Dynamical stability from quasi normal modes in 2nd, 1st and 0th order holographic superfluid phase transitions

TL;DR

This paper investigates the stability and phase transition types in a holographic superfluid model with nonlinear scalar interactions, analyzing quasinormal modes to understand the stability landscape across different transition orders.

Contribution

It introduces a generalized holographic superfluid model with nonlinear interactions, exploring diverse phase transitions and their stability via quasinormal mode analysis at both zero and finite wave-vectors.

Findings

Zero wave-vector QNMs confirm stability analysis and exclude 0th order transitions.

Finite wave-vector analysis reveals larger unstable regions under inhomogeneous perturbations.

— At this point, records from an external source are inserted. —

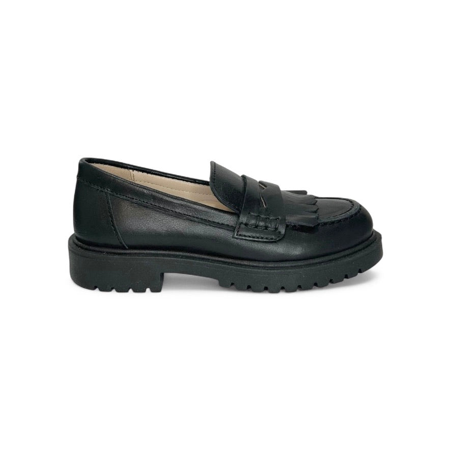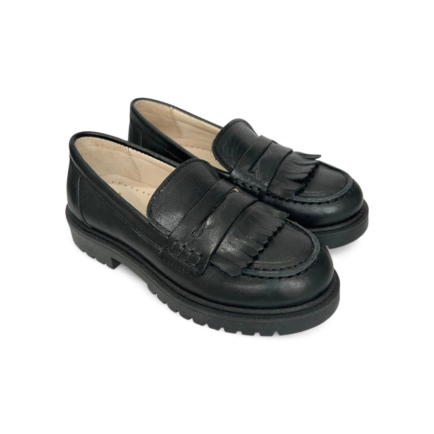 Eleganza e comfort si incontrano in questo raffinato mocassino in morbido vitello, pensato per accompagnare le bambine in ogni occasione speciale e nella vita di tutti i giorni. Il dettaglio con frange dona un tocco classico e senza tempo, mentre la calzata comoda assicura libertà di movimento. Fodera e plantare in pelle.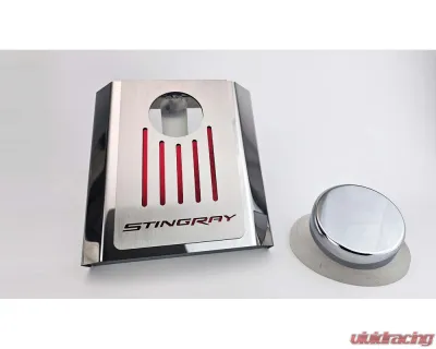 Upgrade your C7 Corvette's engine bay with the stunning Automatic Master Cylinder Cover with Top Plate in a sleek Stingray Style. This premium cover, crafted from high-quality polished stainless steel, is designed to not only enhance aesthetics but also provide long-lasting durability.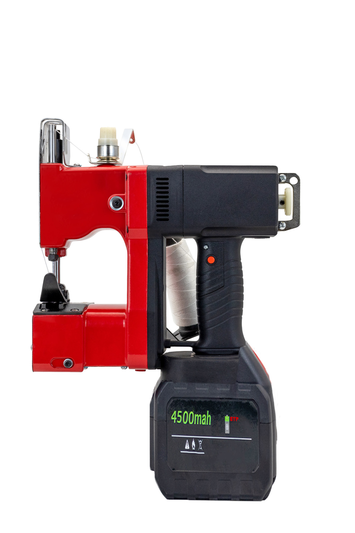 Profesyonel kullanıma uygun şarjlı ve akülü çuval ağzı dikme makinesi, 4500 mAh yüksek kapasiteli bataryasıyla uzun süreli ve kesintisiz kullanım sunar.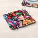 Pretty Pop Art Comic Girl with Bows Coaster

Unstable regions align with condensate turning points and negative charge susceptibility.

Abstract

We study a simple extension of the original Hartnoll, Herzog and Horowitz (HHH) holographic superfluid model with two nonlinear scalar self-interaction terms $\lambda |\psi|^4$ and $\tau |\psi|^6$ in the probe limit. Depending on the value of $\lambda$ and $\tau$, this setup allows us to realize a large spectrum of holographic phase transitions which are 2nd, 1st and 0th order as well as the ``cave of wind'' phase transition. We speculate the landscape pictures and explore the near equilibrium dynamics of the lowest quasinormal modes (QNMs) across the whole phase diagram at both zero and finite wave-vector. We find that the zero wave-vector results of QNMs correctly present the stability of the system under homogeneous perturbations and perfectly agree with the landscape analysis of homogeneous configurations in canonical ensemble. The zero wave-vector results also show that a 0th order phase transition cannot occur since it always corresponds to a global instability of the whole system. The finite wave-vector results show that under inhomogeneous perturbations, the unstable region is larger than that under only homogeneous perturbations, and the new boundary of instability match with the turning point of condensate curve in grand canonical ensemble, indicating a new explanation from the subsystem point of view. The additional unstable section also perfectly match the section with negative value of charge susceptibility.